▶ **Problem details**: Write the data below out exactly as it stands. Do not include the pictures.

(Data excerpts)

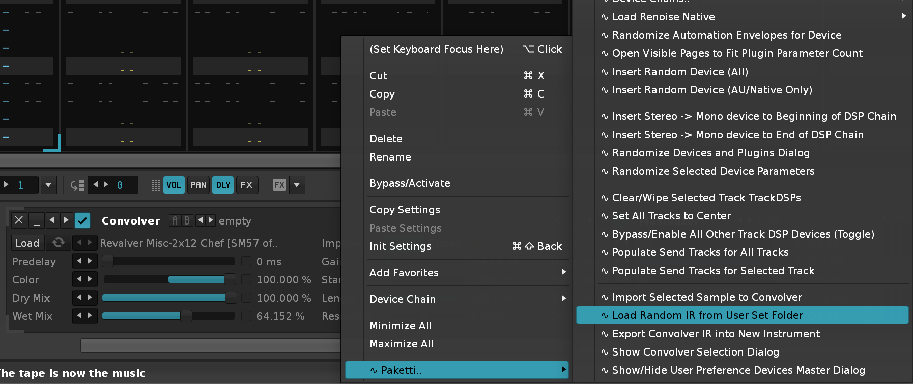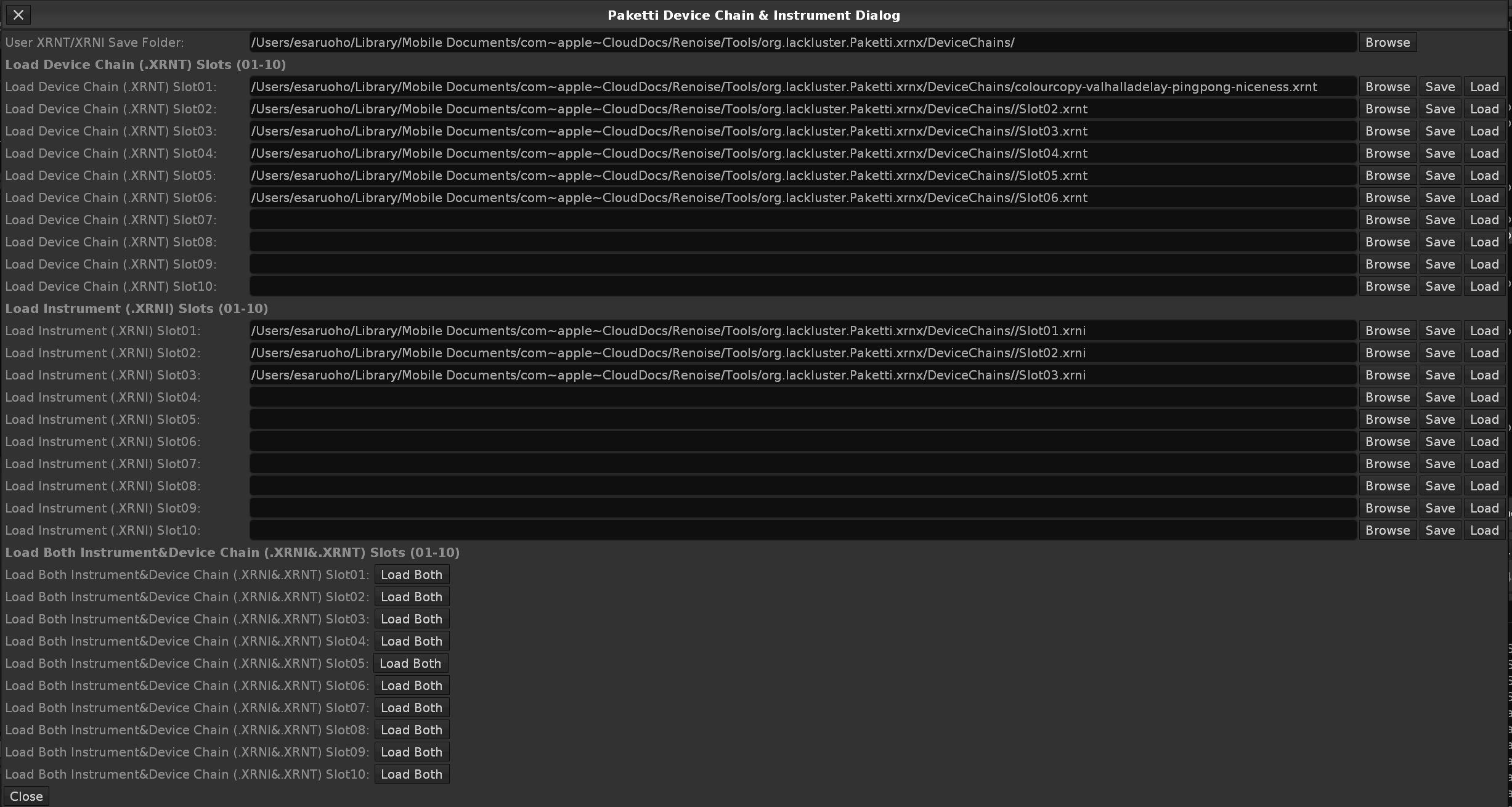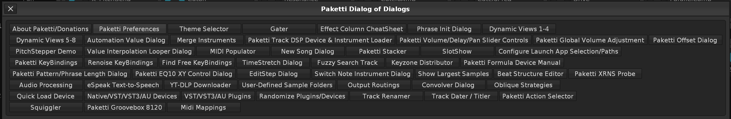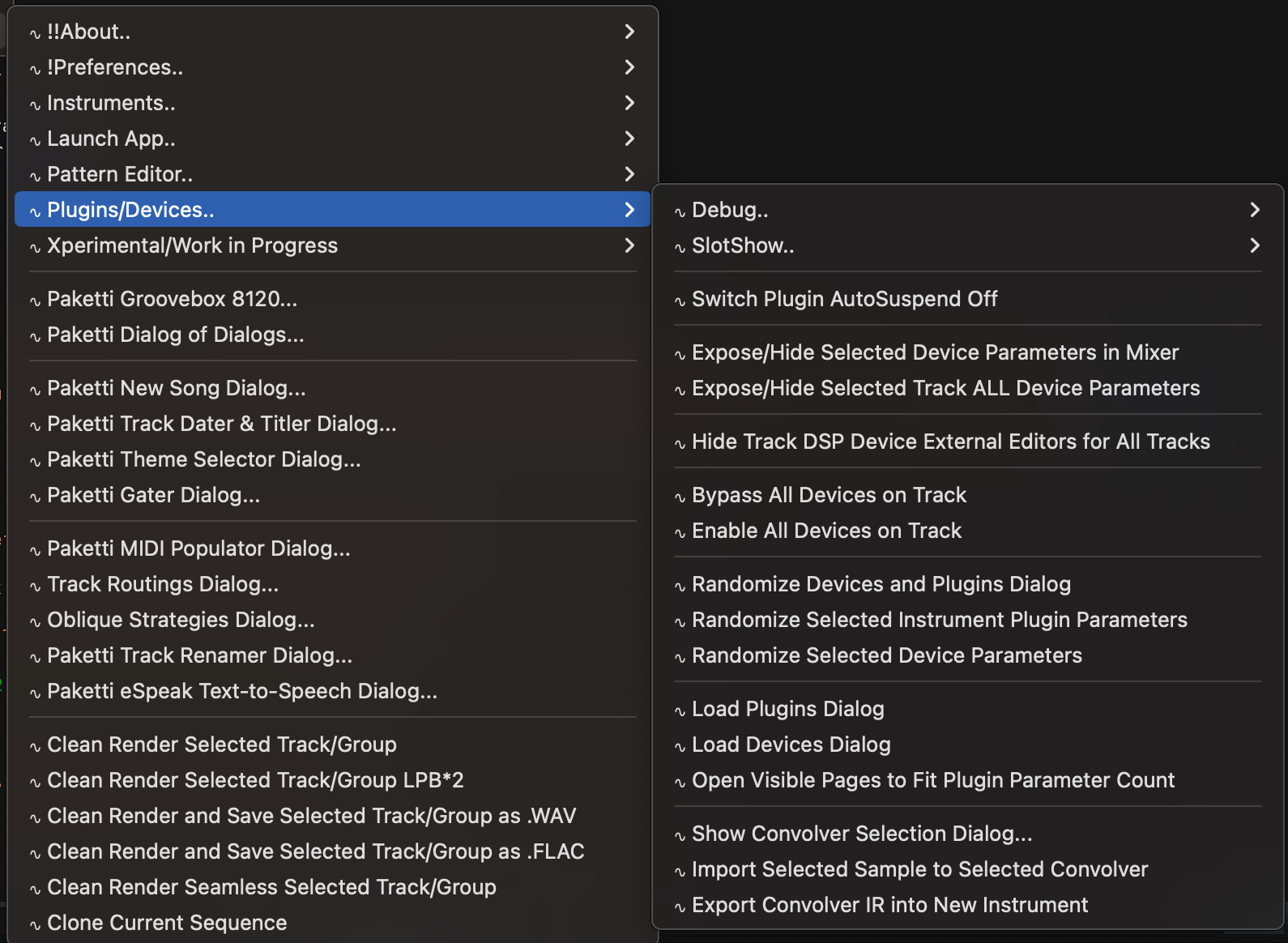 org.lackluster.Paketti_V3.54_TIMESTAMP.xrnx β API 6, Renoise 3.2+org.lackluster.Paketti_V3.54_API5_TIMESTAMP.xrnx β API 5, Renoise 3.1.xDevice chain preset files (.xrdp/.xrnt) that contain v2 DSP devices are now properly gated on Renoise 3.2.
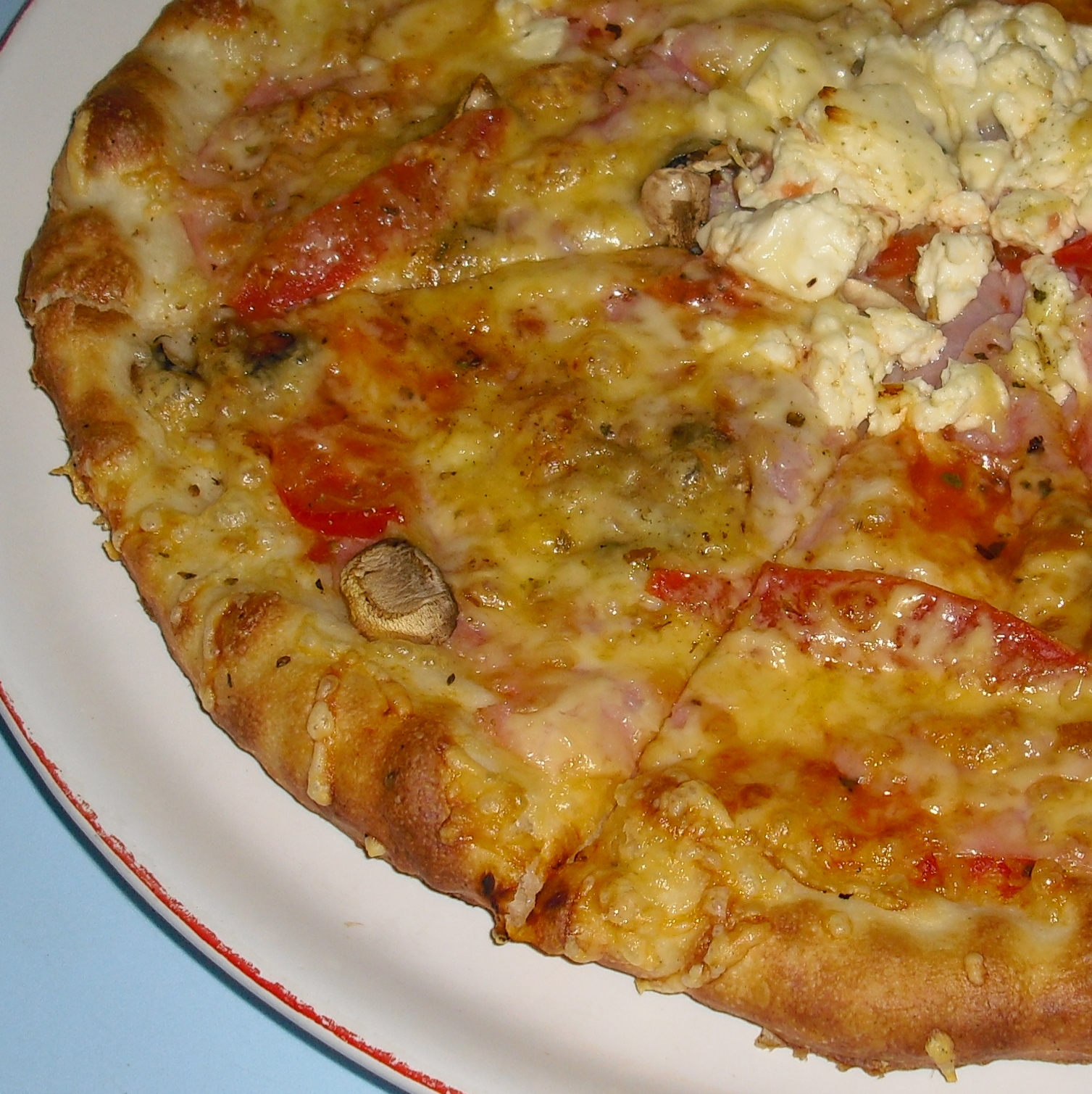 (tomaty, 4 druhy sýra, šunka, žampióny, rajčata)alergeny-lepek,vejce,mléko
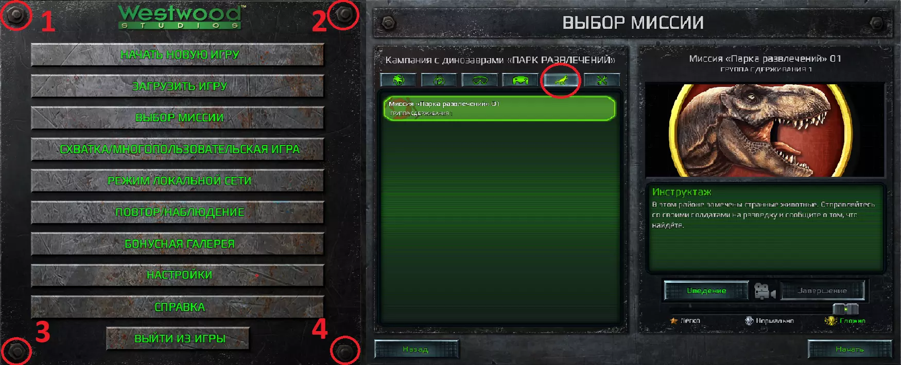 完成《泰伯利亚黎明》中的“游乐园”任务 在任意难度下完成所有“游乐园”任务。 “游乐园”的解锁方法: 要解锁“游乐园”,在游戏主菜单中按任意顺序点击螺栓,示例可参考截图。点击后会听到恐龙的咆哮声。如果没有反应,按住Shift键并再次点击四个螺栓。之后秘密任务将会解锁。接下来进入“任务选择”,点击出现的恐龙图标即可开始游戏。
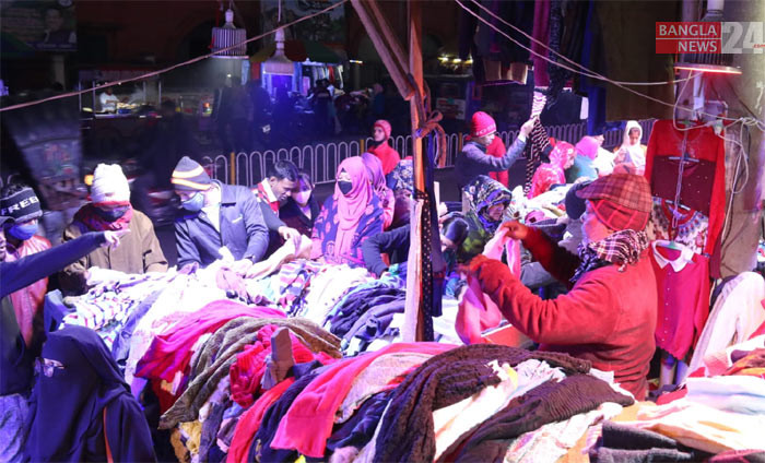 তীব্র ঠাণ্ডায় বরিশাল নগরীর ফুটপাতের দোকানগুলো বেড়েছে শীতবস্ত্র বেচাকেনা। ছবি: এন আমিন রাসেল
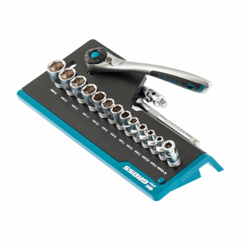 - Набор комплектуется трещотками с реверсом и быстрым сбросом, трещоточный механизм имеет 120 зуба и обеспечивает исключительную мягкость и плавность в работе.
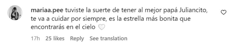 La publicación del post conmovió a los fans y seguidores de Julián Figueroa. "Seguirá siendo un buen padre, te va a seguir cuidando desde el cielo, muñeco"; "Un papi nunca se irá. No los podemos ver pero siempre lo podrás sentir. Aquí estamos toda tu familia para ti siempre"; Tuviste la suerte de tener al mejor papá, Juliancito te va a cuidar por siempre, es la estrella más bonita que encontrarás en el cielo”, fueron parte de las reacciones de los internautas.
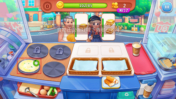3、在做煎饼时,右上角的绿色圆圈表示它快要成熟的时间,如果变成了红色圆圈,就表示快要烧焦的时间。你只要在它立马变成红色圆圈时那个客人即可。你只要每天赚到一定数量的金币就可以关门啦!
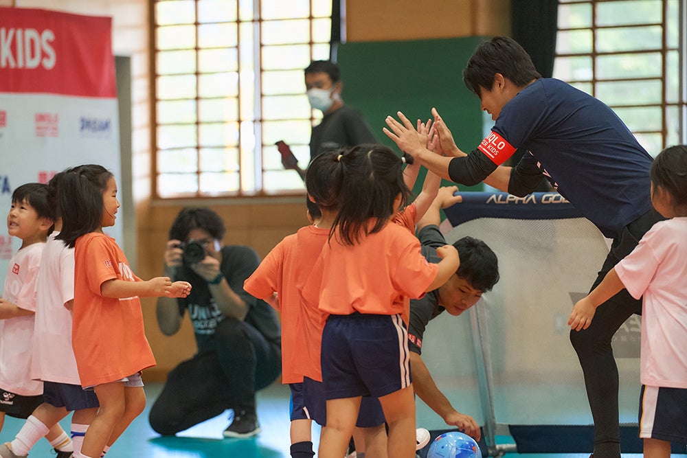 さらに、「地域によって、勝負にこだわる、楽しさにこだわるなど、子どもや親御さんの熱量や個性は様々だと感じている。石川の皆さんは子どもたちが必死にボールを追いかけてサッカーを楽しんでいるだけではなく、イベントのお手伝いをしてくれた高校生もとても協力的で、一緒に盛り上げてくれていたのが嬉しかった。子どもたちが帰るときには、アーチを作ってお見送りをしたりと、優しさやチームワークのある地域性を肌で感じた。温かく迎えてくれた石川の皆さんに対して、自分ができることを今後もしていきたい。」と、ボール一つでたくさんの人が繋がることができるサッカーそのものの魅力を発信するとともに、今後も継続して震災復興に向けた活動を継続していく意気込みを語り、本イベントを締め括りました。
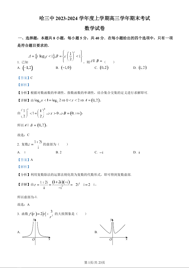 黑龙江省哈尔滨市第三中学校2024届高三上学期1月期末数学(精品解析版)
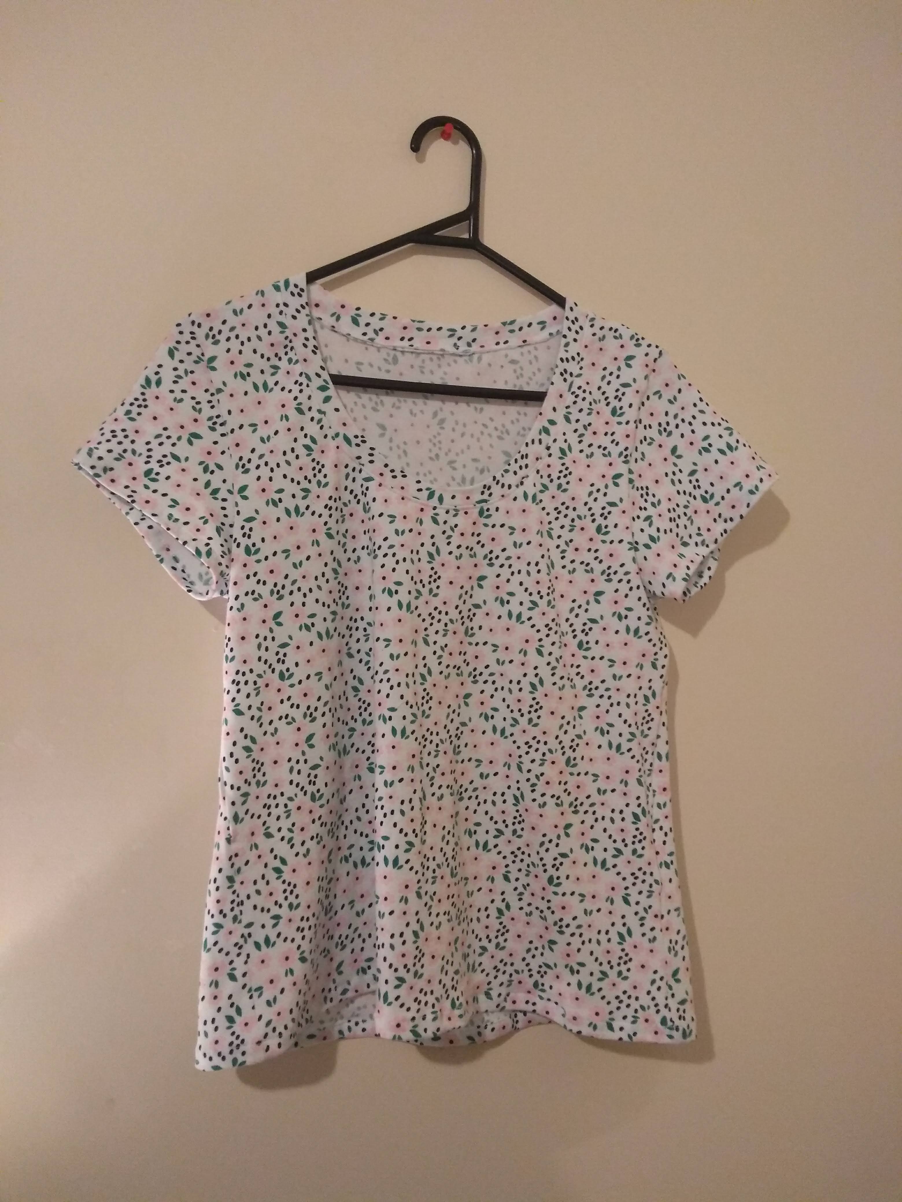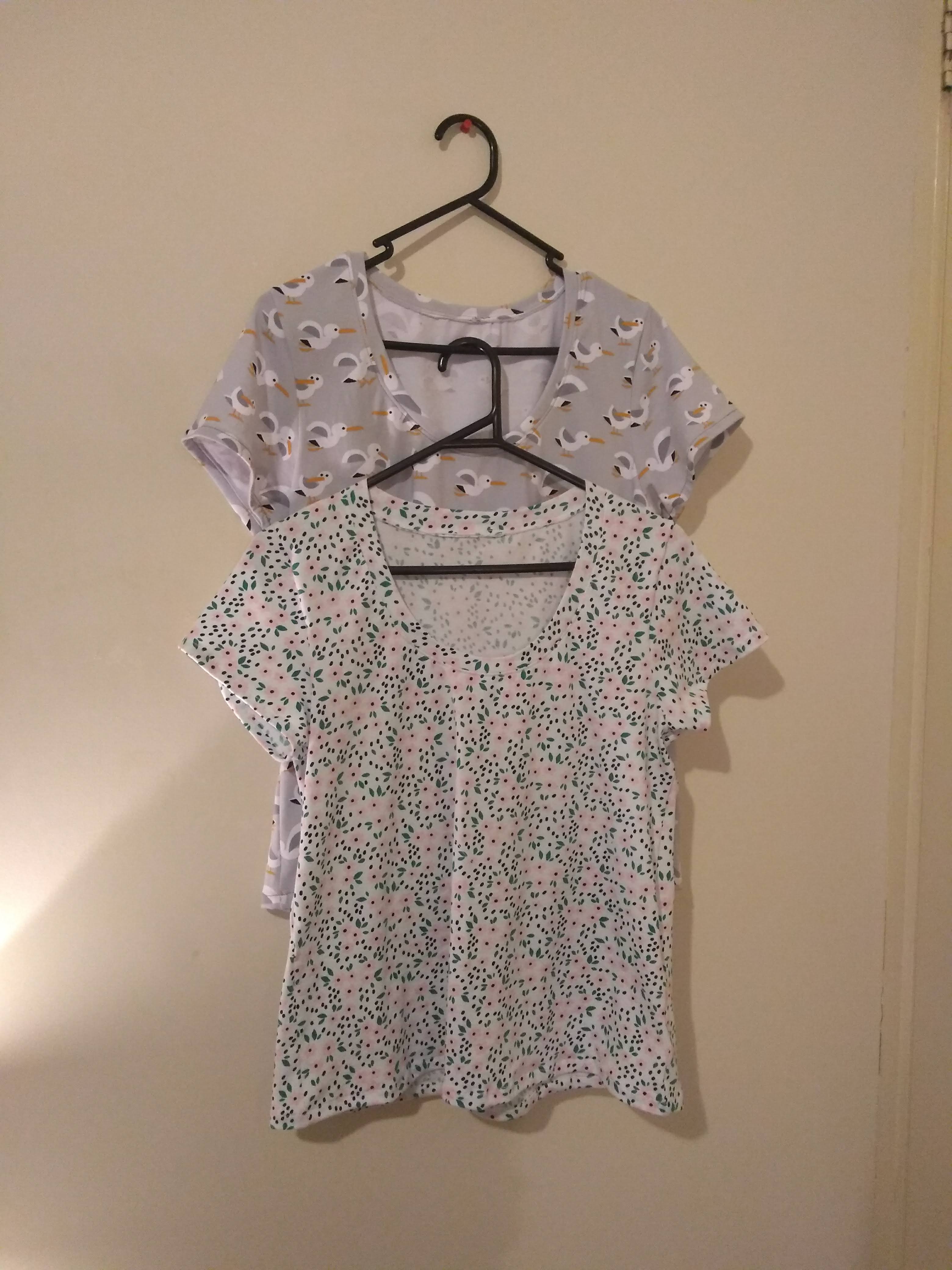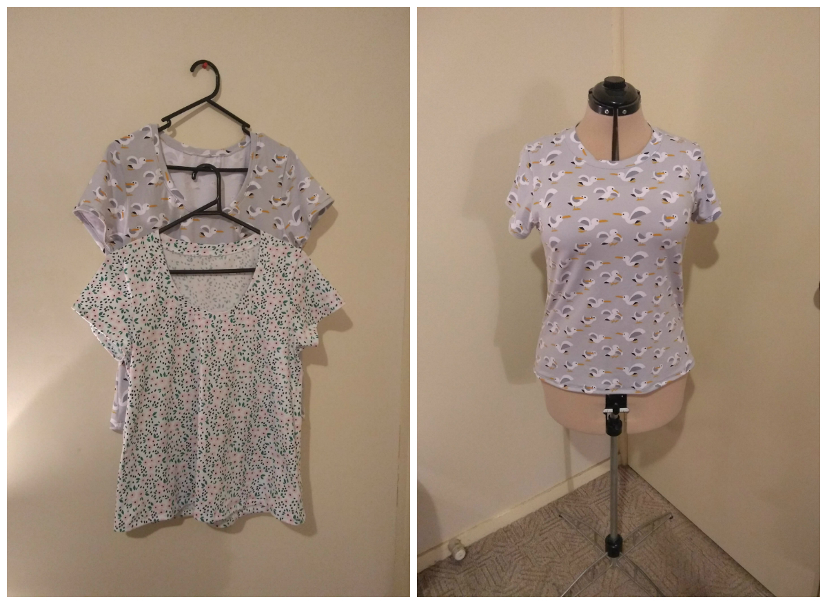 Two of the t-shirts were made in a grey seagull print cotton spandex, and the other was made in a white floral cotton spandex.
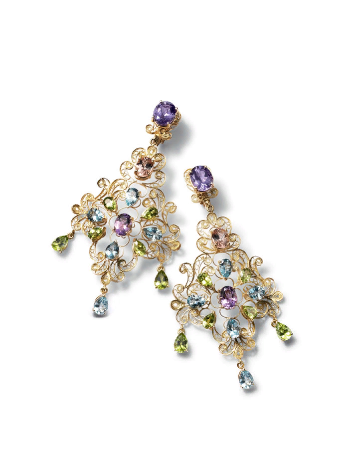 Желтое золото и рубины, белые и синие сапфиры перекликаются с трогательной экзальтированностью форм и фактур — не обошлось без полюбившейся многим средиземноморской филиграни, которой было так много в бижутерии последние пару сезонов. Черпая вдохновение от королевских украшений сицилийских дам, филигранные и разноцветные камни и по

▶ **Answer to the exercise**:
 org.lackluster.Paketti_V3.54_TIMESTAMP.xrnx β API 6, Renoise 3.2+org.lackluster.Paketti_V3.54_API5_TIMESTAMP.xrnx β API 5, Renoise 3.1.xDevice chain preset files (.xrdp/.xrnt) that contain v2 DSP devices are now properly gated on Renoise 3.2.
 (tomaty, 4 druhy sýra, šunka, žampióny, rajčata)alergeny-lepek,vejce,mléko
 完成《泰伯利亚黎明》中的“游乐园”任务 在任意难度下完成所有“游乐园”任务。 “游乐园”的解锁方法: 要解锁“游乐园”,在游戏主菜单中按任意顺序点击螺栓,示例可参考截图。点击后会听到恐龙的咆哮声。如果没有反应,按住Shift键并再次点击四个螺栓。之后秘密任务将会解锁。接下来进入“任务选择”,点击出现的恐龙图标即可开始游戏。
 তীব্র ঠাণ্ডায় বরিশাল নগরীর ফুটপাতের দোকানগুলো বেড়েছে শীতবস্ত্র বেচাকেনা। ছবি: এন আমিন রাসেল
 - Набор комплектуется трещотками с реверсом и быстрым сбросом, трещоточный механизм имеет 120 зуба и обеспечивает исключительную мягкость и плавность в работе.
 La publicación del post conmovió a los fans y seguidores de Julián Figueroa. "Seguirá siendo un buen padre, te va a seguir cuidando desde el cielo, muñeco"; "Un papi nunca se irá. No los podemos ver pero siempre lo podrás sentir. Aquí estamos toda tu familia para ti siempre"; Tuviste la suerte de tener al mejor papá, Juliancito te va a cuidar por siempre, es la estrella más bonita que encontrarás en el cielo”, fueron parte de las reacciones de los internautas.
3、在做煎饼时,右上角的绿色圆圈表示它快要成熟的时间,如果变成了红色圆圈,就表示快要烧焦的时间。你只要在它立马变成红色圆圈时那个客人即可。你只要每天赚到一定数量的金币就可以关门啦!
 さらに、「地域によって、勝負にこだわる、楽しさにこだわるなど、子どもや親御さんの熱量や個性は様々だと感じている。石川の皆さんは子どもたちが必死にボールを追いかけてサッカーを楽しんでいるだけではなく、イベントのお手伝いをしてくれた高校生もとても協力的で、一緒に盛り上げてくれていたのが嬉しかった。子どもたちが帰るときには、アーチを作ってお見送りをしたりと、優しさやチームワークのある地域性を肌で感じた。温かく迎えてくれた石川の皆さんに対して、自分ができることを今後もしていきたい。」と、ボール一つでたくさんの人が繋がることができるサッカーそのものの魅力を発信するとともに、今後も継続して震災復興に向けた活動を継続していく意気込みを語り、本イベントを締め括りました。
 黑龙江省哈尔滨市第三中学校2024届高三上学期1月期末数学(精品解析版)
 Two of the t-shirts were made in a grey seagull print cotton spandex, and the other was made in a white floral cotton spandex.
 Желтое золото и рубины, белые и синие сапфиры перекликаются с трогательной экзальтированностью форм и фактур — не обошлось без полюбившейся многим средиземноморской филиграни, которой было так много в бижутерии последние пару сезонов. Черпая вдохновение от королевских украшений сицилийских дам, филигранные и разноцветные камни и по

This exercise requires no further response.